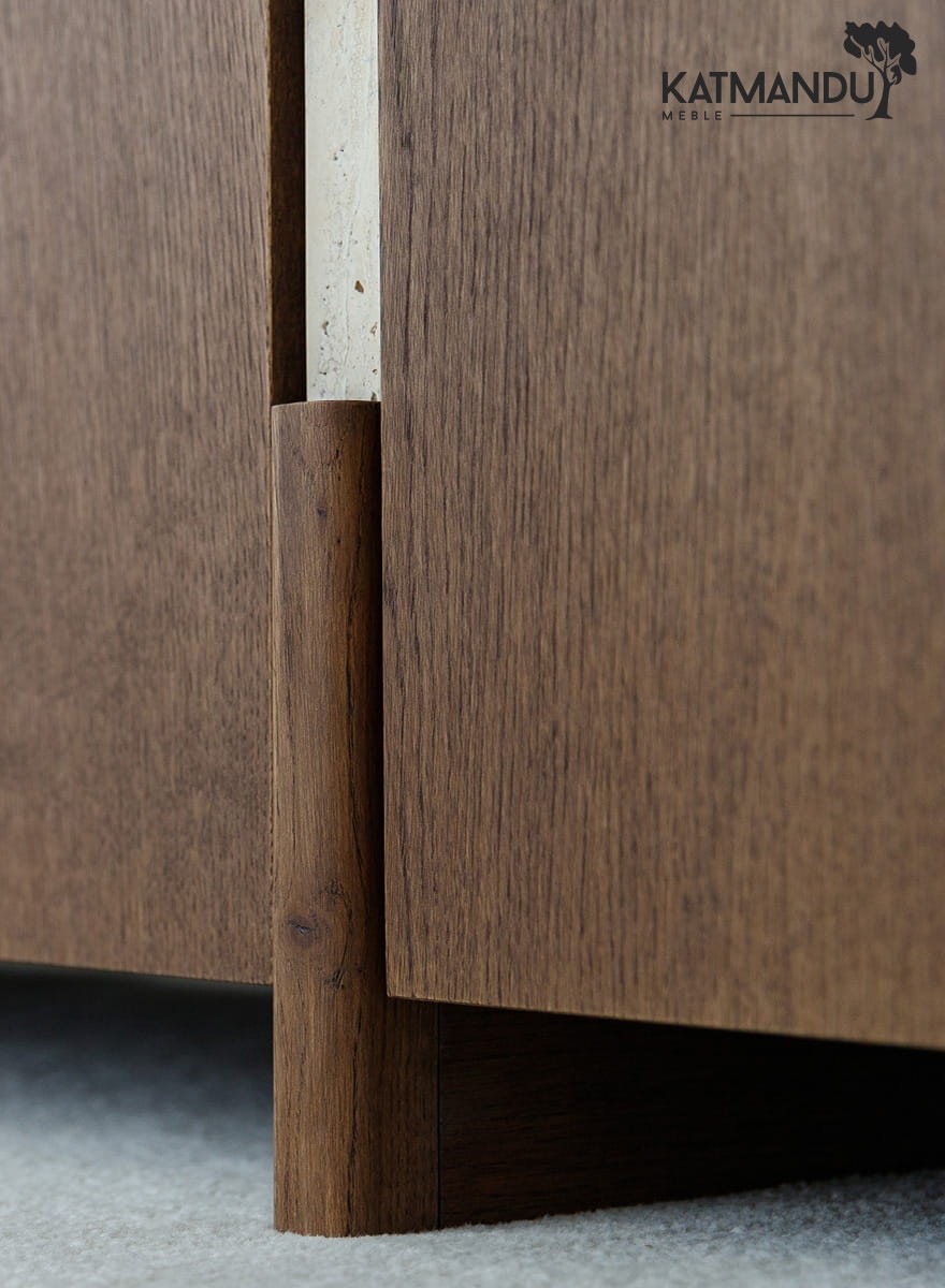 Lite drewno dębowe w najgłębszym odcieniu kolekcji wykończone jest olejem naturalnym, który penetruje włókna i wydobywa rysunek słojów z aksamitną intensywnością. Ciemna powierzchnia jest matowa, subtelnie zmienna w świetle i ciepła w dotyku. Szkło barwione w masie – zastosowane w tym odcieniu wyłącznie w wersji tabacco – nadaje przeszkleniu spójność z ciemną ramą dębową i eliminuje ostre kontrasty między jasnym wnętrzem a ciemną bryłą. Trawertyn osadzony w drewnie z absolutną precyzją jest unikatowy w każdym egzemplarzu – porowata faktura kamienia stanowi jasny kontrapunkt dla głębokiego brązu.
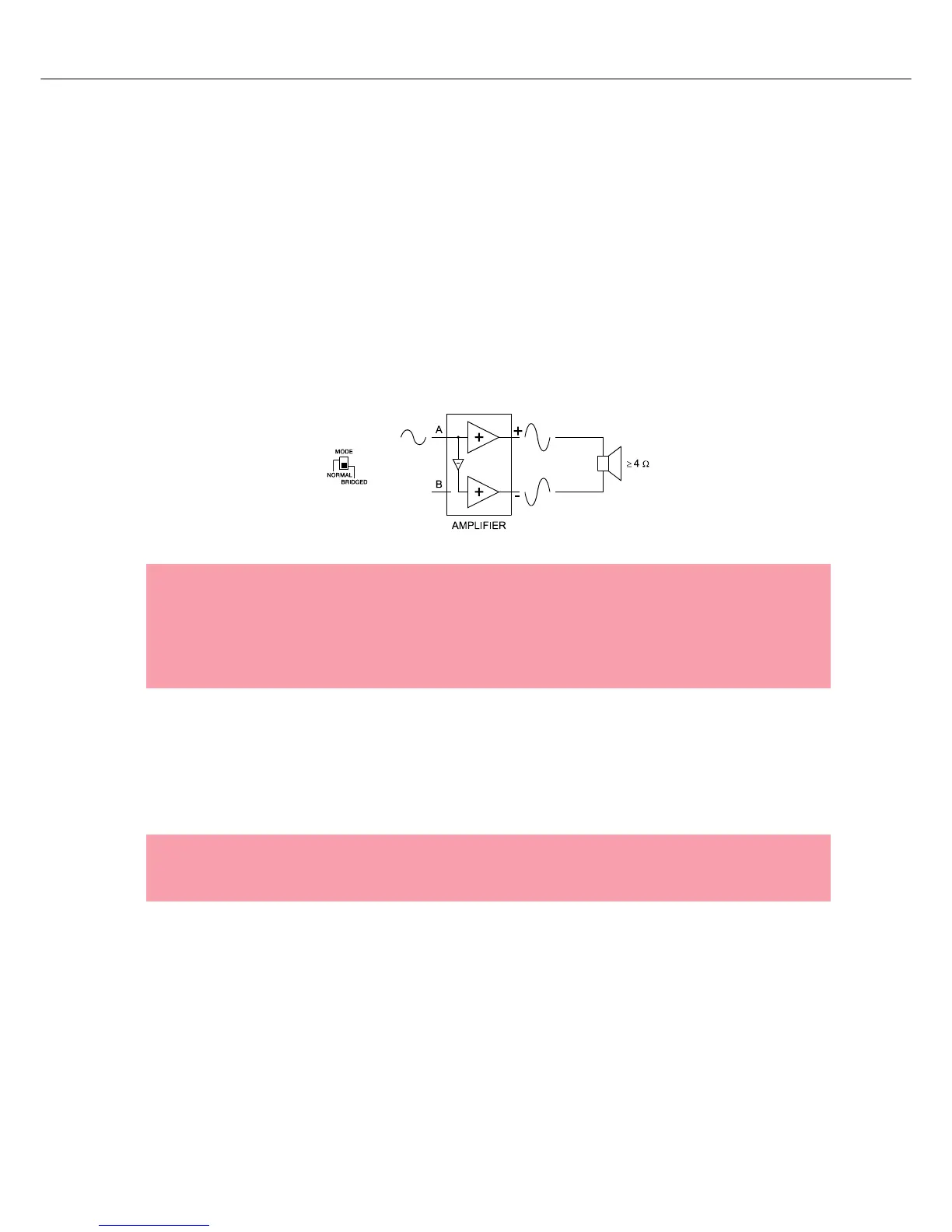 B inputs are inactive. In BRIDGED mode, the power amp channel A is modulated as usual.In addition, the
==
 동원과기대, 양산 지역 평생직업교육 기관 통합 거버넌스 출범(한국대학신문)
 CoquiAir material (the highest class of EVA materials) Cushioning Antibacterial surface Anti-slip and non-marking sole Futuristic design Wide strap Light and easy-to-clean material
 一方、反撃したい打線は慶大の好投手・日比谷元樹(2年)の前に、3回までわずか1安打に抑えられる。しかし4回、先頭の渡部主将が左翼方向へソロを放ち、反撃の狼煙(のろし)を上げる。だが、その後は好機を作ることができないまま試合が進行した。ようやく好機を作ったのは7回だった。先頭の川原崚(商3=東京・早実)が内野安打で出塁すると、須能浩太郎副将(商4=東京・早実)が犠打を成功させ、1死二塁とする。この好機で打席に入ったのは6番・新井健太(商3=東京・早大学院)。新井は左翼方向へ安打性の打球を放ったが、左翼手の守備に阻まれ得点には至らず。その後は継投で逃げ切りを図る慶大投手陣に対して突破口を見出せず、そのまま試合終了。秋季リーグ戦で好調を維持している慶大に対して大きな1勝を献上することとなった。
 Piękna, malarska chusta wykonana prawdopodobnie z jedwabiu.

What you have to do
Each line in the entries above, starting at the line with "동원과기대, 양산 지역 평생직업교육 기관 통합 거버넌스 출범(한국대학신문)" and ending at the line with "CoquiAir material (the", is to be printed exactly, and only those lines.

Result of this exercise
 동원과기대, 양산 지역 평생직업교육 기관 통합 거버넌스 출범(한국대학신문)
 CoquiAir material (the highest class of EVA materials) Cushioning Antibacterial surface Anti-slip and non-marking sole Futuristic design Wide strap Light and easy-to-clean material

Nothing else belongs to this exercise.